[Opening Given information section]
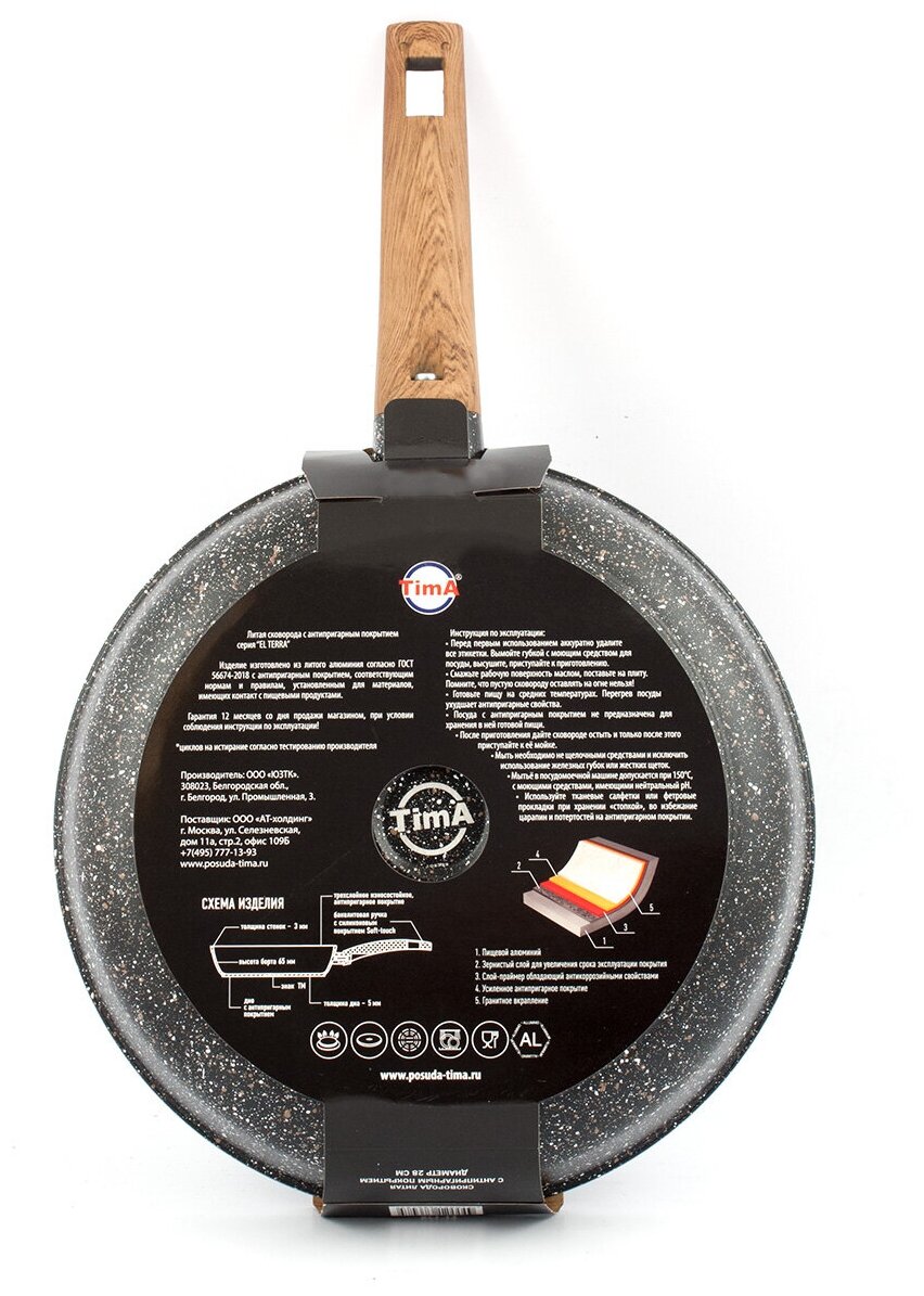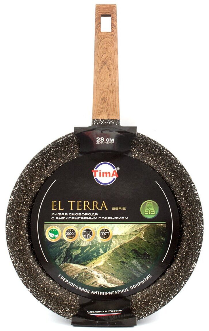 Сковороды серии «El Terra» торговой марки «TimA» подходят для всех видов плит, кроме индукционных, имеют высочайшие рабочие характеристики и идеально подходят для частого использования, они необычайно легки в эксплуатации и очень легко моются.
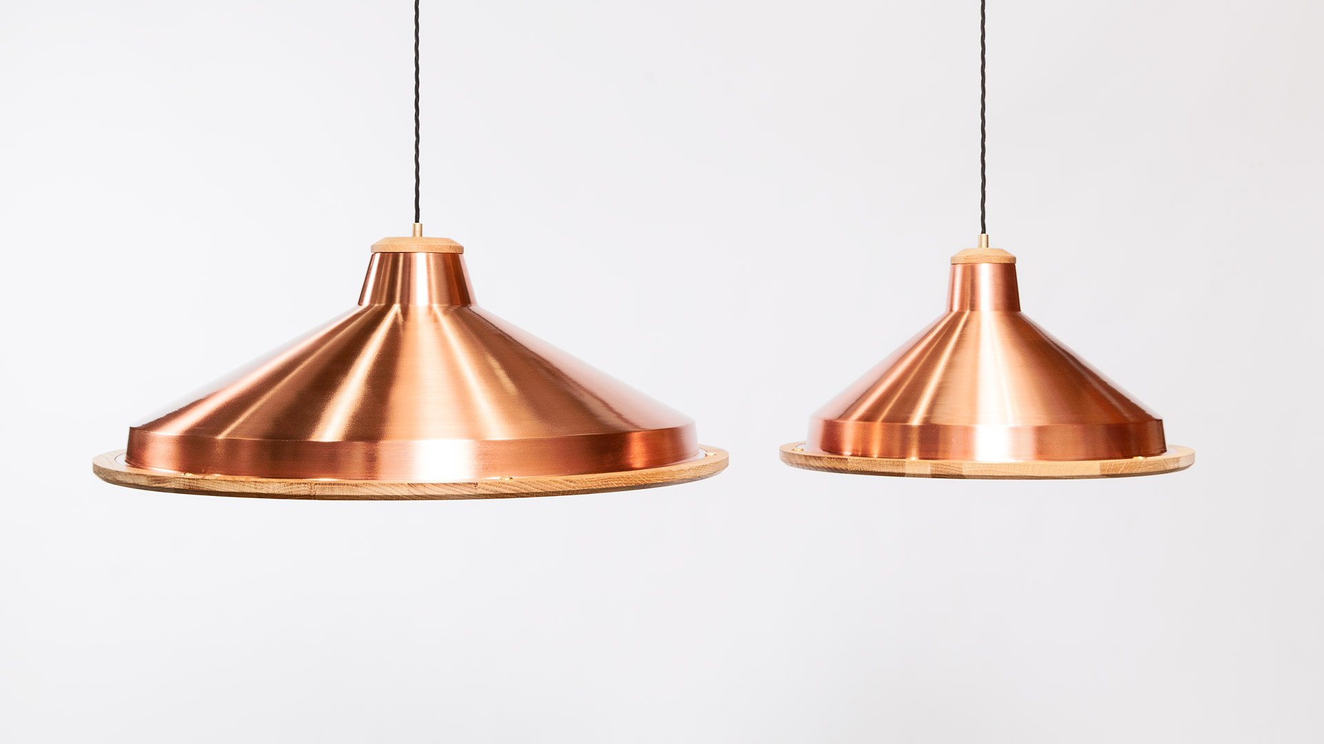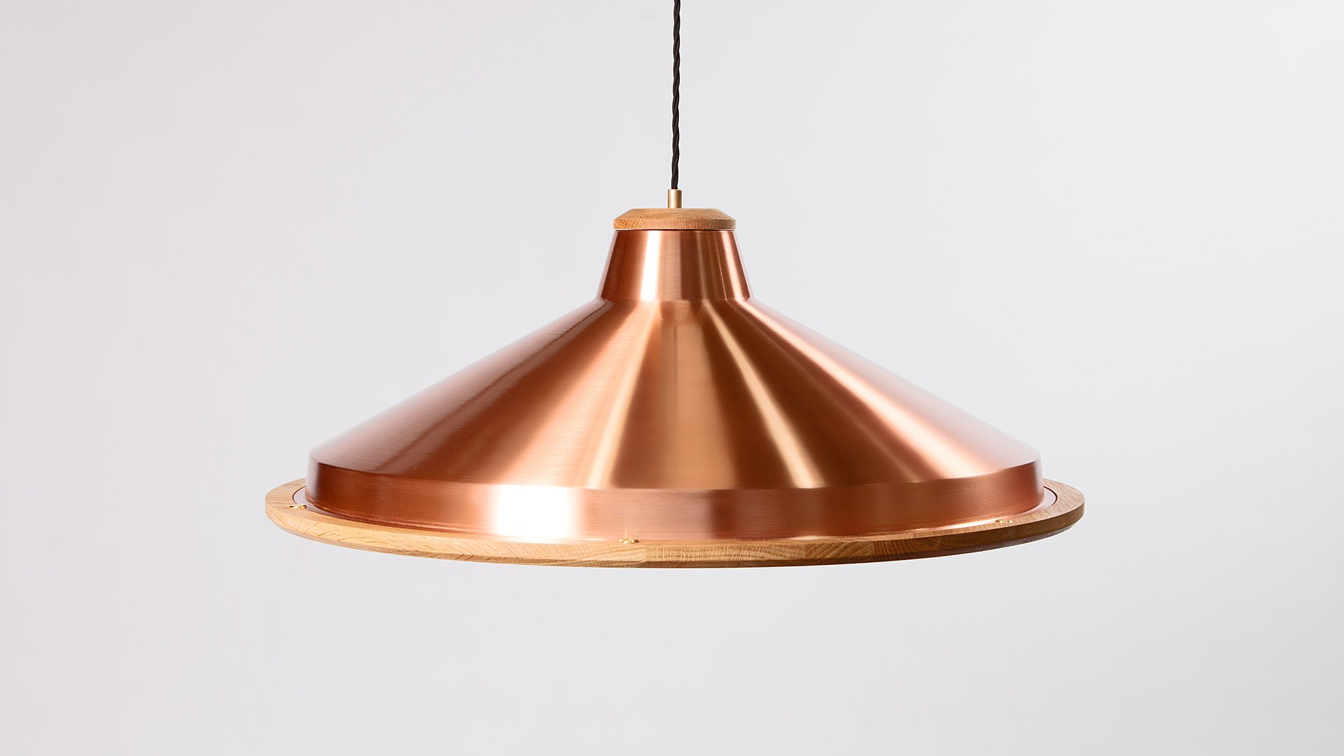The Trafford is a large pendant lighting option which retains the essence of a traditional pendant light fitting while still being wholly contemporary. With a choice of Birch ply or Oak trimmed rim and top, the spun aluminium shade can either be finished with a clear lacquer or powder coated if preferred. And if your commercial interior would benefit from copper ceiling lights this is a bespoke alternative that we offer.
[Closing Given information section]
[Opening Given information section]
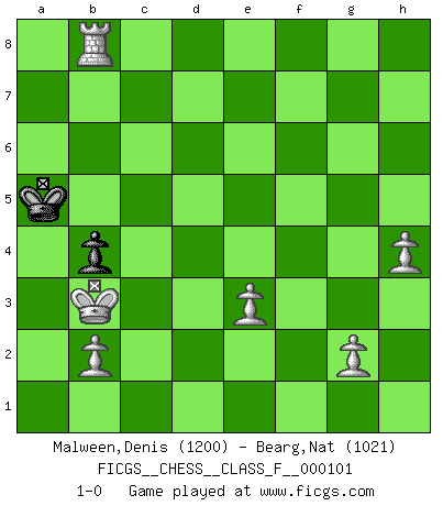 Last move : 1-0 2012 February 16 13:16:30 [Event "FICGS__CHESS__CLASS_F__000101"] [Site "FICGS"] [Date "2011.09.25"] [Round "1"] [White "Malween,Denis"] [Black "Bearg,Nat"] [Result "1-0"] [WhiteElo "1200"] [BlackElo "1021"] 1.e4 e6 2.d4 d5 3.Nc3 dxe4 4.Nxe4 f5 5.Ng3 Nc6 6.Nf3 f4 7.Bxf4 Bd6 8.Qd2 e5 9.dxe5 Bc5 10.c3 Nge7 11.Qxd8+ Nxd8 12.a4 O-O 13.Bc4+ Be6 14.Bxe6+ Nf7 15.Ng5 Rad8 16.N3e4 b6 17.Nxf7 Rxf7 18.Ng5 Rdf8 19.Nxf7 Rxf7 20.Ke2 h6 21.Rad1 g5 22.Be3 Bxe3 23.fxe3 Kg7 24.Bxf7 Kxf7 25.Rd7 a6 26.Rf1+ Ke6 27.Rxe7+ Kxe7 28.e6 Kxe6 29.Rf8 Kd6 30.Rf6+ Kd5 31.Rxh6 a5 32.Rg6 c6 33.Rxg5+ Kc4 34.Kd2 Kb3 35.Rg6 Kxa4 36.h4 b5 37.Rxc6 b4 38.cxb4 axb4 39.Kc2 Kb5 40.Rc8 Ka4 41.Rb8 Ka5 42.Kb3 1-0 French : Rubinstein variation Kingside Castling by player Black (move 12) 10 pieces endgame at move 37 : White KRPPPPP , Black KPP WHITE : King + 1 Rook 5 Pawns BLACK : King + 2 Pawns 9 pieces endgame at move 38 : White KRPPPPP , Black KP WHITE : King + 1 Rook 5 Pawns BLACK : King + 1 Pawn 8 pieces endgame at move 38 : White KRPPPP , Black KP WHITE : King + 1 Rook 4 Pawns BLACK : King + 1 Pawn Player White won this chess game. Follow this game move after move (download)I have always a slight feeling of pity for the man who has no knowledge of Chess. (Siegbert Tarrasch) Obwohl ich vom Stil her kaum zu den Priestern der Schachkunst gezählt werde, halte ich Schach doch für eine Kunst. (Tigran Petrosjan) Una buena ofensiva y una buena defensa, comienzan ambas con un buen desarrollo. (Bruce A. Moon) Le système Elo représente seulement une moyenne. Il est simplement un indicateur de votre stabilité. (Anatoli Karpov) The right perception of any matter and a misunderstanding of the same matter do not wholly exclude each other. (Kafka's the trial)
[Closing Given information section]
● **Goal of the exercise**
Taking the records above, print only and exactly the lines from the line with "очень легко моются." to the line with "The Trafford is", both kept, and exclude pictures.

● **Written solution**
 Сковороды серии «El Terra» торговой марки «TimA» подходят для всех видов плит, кроме индукционных, имеют высочайшие рабочие характеристики и идеально подходят для частого использования, они необычайно легки в эксплуатации и очень легко моются.
The Trafford is a large pendant lighting option which retains the essence of a traditional pendant light fitting while still being wholly contemporary. With a choice of Birch ply or Oak trimmed rim and top, the spun aluminium shade can either be finished with a clear lacquer or powder coated if preferred. And if your commercial interior would benefit from copper ceiling lights this is a bespoke alternative that we offer.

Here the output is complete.